3. several high dollar Zelle transactions were made - subject claims that they were at home with covid and no one had access to her phone

4. she calls bank to cancel transactions, bank refunds money

5. bank investigates and claims face id and her IP address was used and takes refunds back

6. subject takes bank and zelle to court

7. Zelle says: we are just a middleman - not our responsibility

8. bank claims that it can't investigate where the money went because it was instant transferred

9. banks settles for some of the money

Conclusion? If you have to use Zelle or Venmo, attach it to a bank account with limited funds in it.
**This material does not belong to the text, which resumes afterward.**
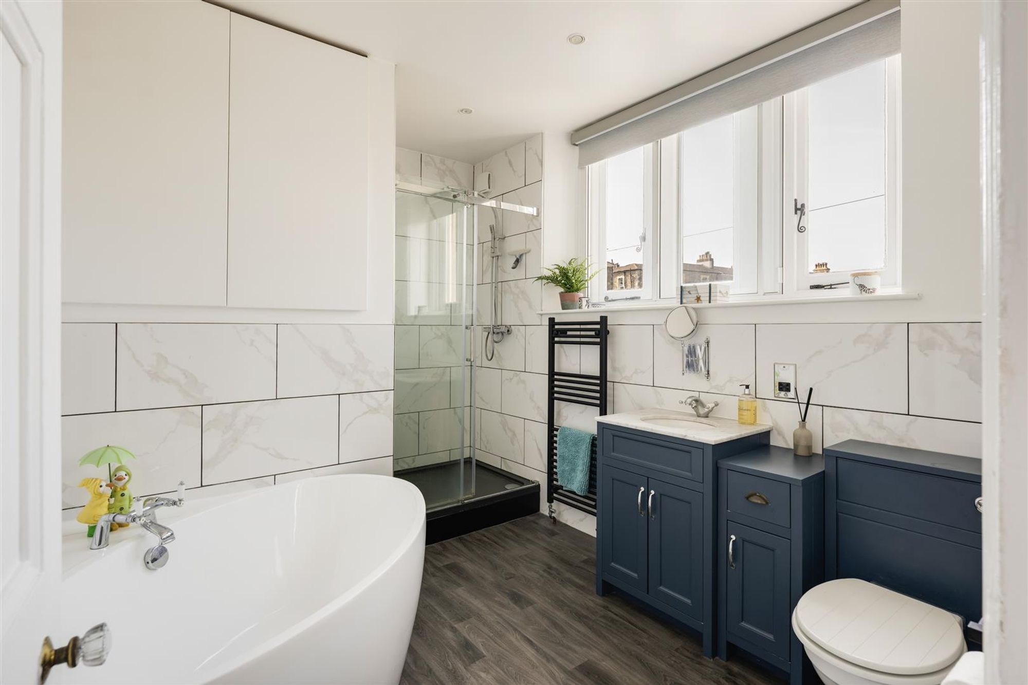 - Spacious bathroom with separate shower and bath
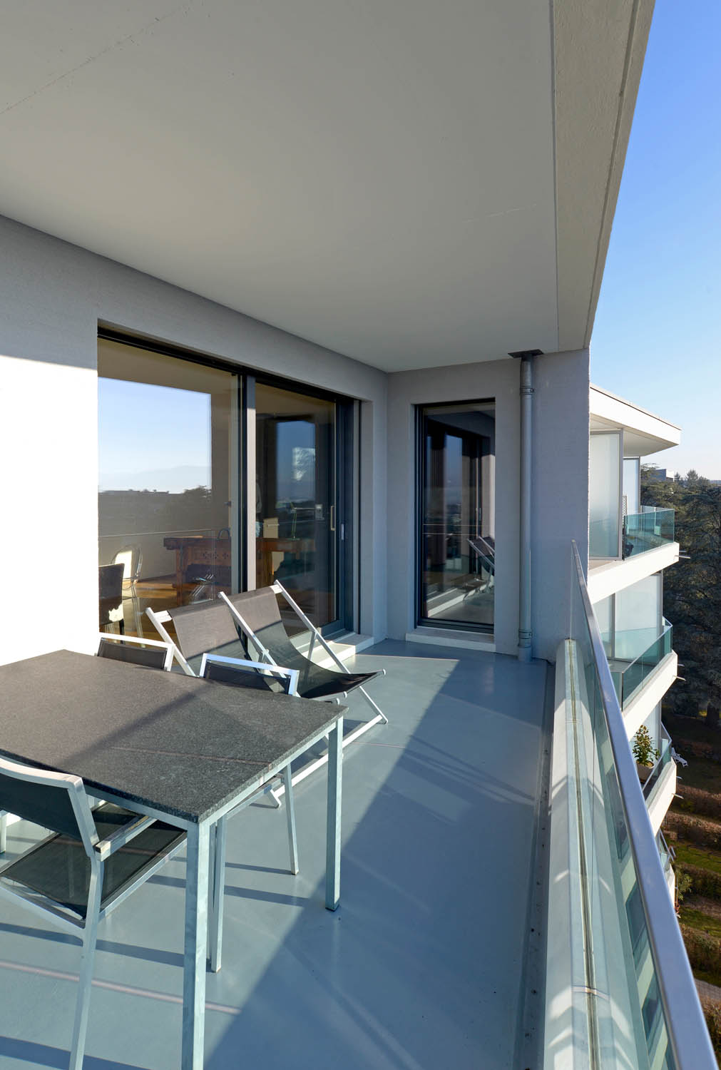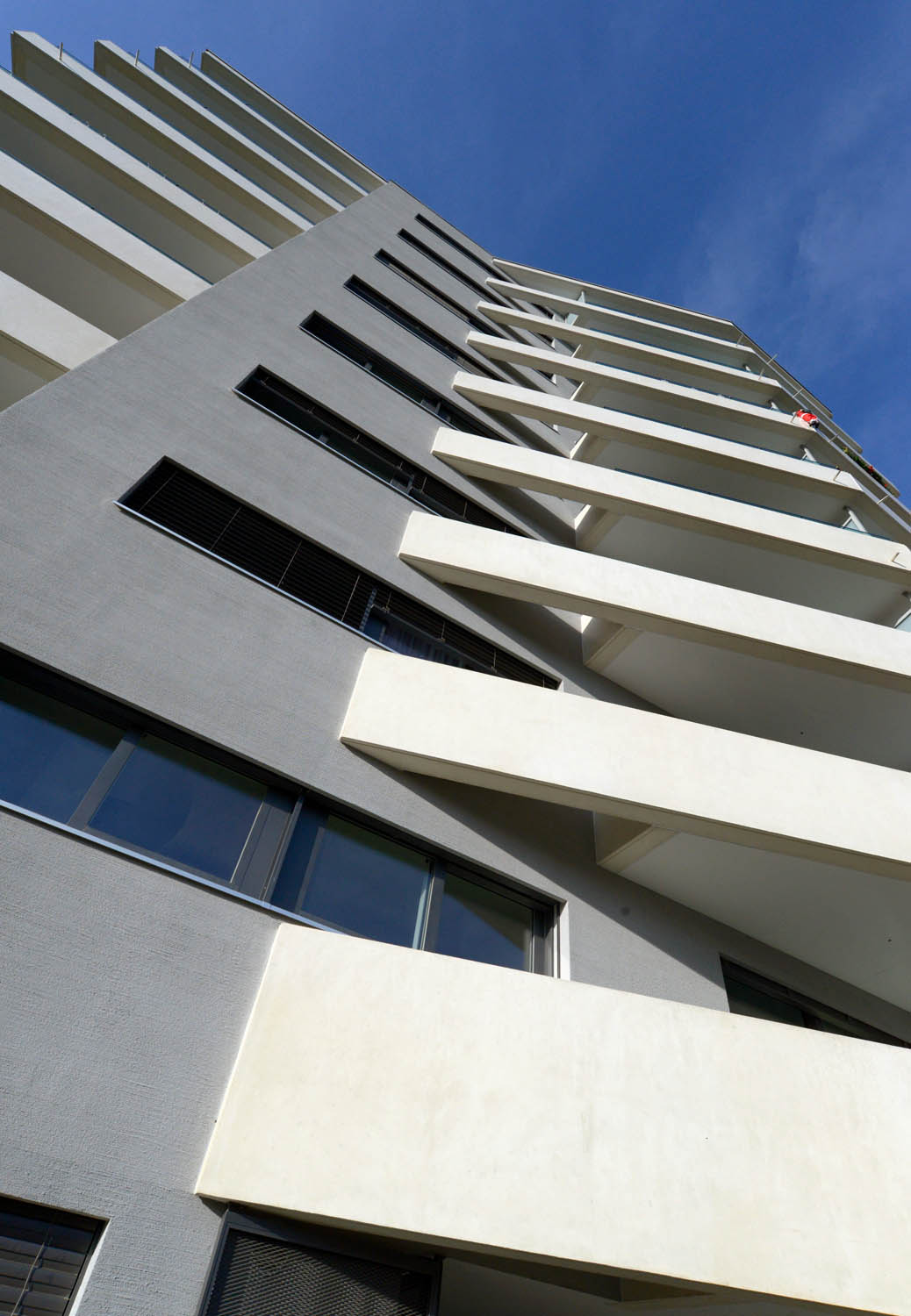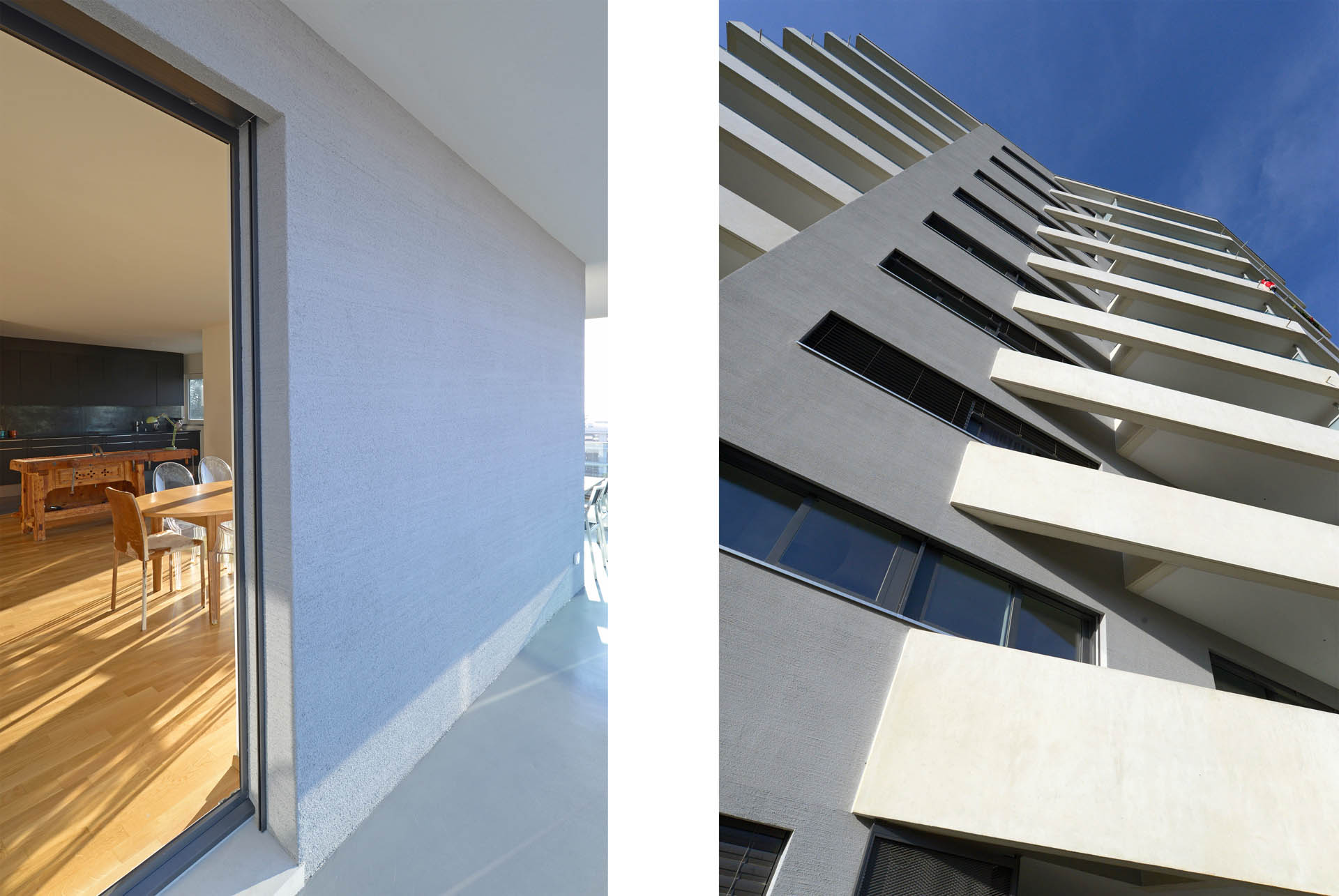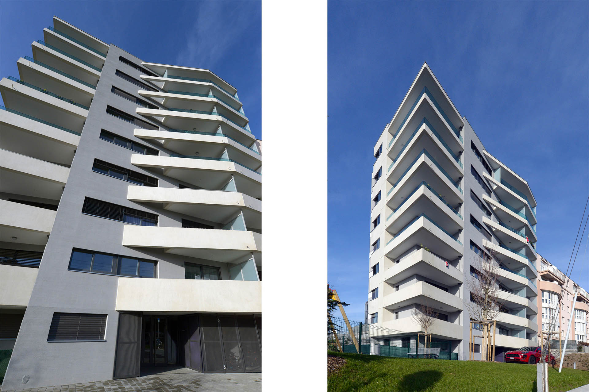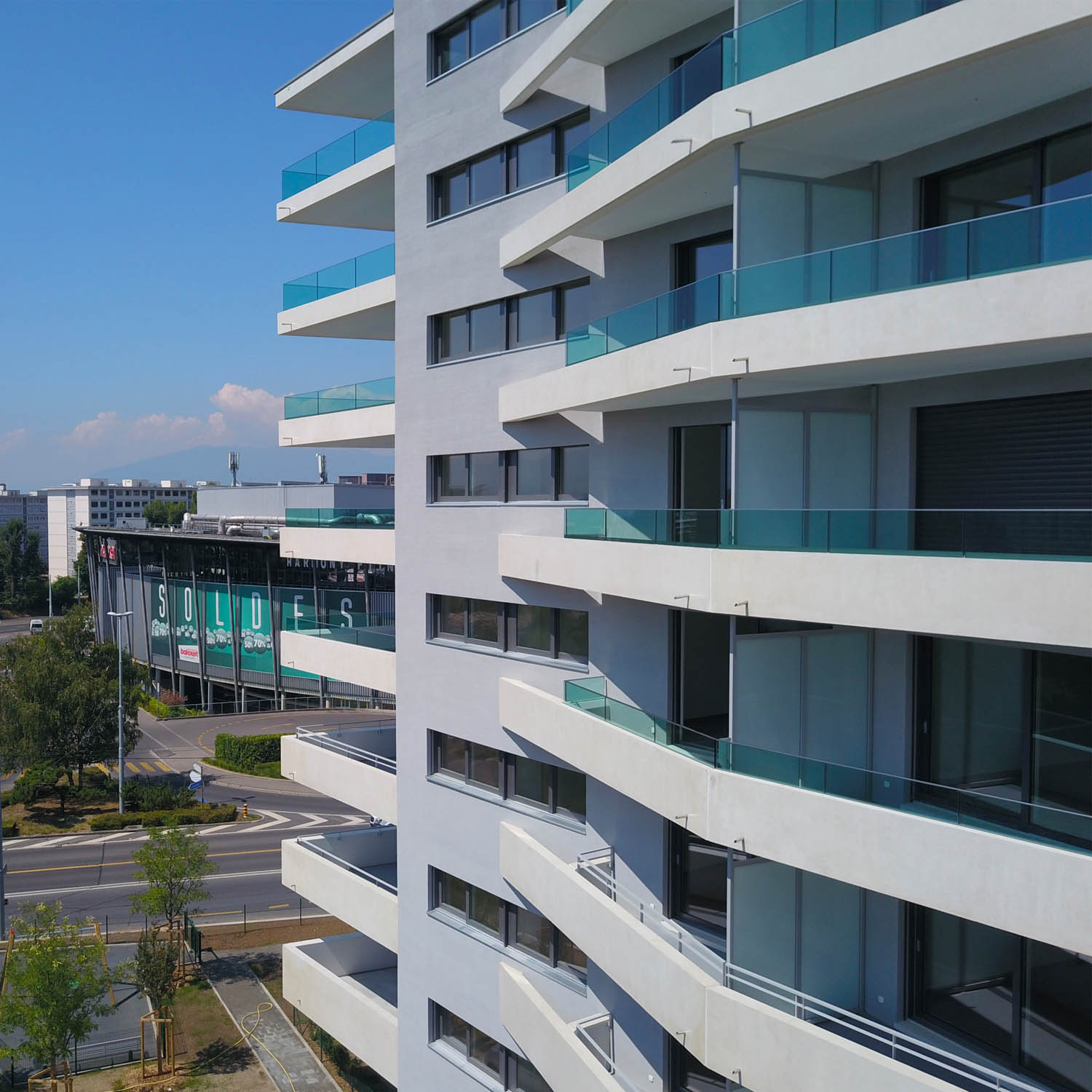 Les vitrages des garde-corps, insérés dans les parapets de balcons augmente en hauteur avec les étages alors que diminue celle du parapet en ciment blanc, donnant un effet de dynamisme et de légèreté au bâtiment. En plus de renforcer l’effet élancé du bâtiment, la réflexion autour de ce détail permet aussi par un jeu de perspective, de masquer les aménagements sur les balcons.

>8. bank claims that it can't investigate where the money went because it was instant transferred

They really couldn't, or their policies didn't allow handing out information without a subpoena? Given KYC laws, I'm sure that every financial institution involved probably has the records somewhere. As for the policy itself, I'm not so sure whether zelle refusing to hand over recipient information is a bad thing. If I'm selling something on facebook marketplace, I wouldn't want my counterparty to get my dox just because they cried foul. I'd want a judge to examine the request before zelle hands over my info.


Your story sounds possible with one exception, 8 "subject threatens to take bank and zelle to court". There is no universe where bank tells the judge it wont investigate.